Celso Paiva -  Considerando tudo que foi dito, considero que a comunicação tem de se dar de maneira genérica, permitindo acesso a  quem necessitar da informação. Então, cada vez mais os segurados vão necessitar se comunicar com seguradoras e corretores por meio de sites. E a devolução da informação, por mais que continue a ser individualizada, vai ter que acontecer por meio do mesmo canal de comunicação. Nisso, o mercado precisará ter competência e estar bem fundamentado em dispositivos legais para fazer toda essa comunicação, tanto do segurado para a seguradora, e vice-versa, de forma que se tenha respaldo legal e jurídico. As próprias leis terão de se adaptar às ferramentas que cada vez mais estarão presentes em qualquer relacionamento de consumo.
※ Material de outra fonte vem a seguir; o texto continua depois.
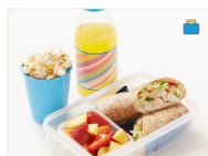
Spicy chicken and salad wrap

If your child really likes their crisps try reducing the number of times you include them in their lunchbox and swap for homemade plain popcorn or plain rice cakes instead.
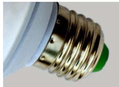
Adopting E27 light base
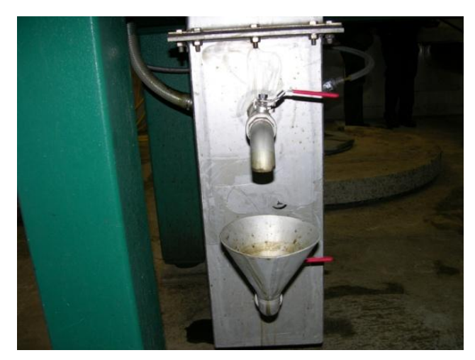
Figure 5. Tap for taking samples of liquid output.

Sub-samples of liquid output fraction were taken from a tap under the decanter. This tap is built on the decanter at the factory and it is constructed to take representatives samples of the liquid output fraction. A photo of the tap is seen on figure 5.

A comunicação já está em um período de transformação. Muitas seguradoras já eliminaram o envio de apólices para os seus assegurados, disponibilizando as informações em sites. Enviam emails, canal de comunicação amplo e individualizado somente naquilo que é essencial. De forma geral, a comunicação será genérica na hora da venda e individualizada na hora da entrega. E o mercado segurador se baseia muito nos avanços que o mercado financeiro desenvolve. Cada vez mais o cliente deixa de ser presente e opera digitalmente. Ele tem  segurança e percebe a facilidade desse tipo de comunicação. O mercado de seguro terá de encontrar os mesmos meios de facilidade de venda e entrega das coberturas ao consumidor.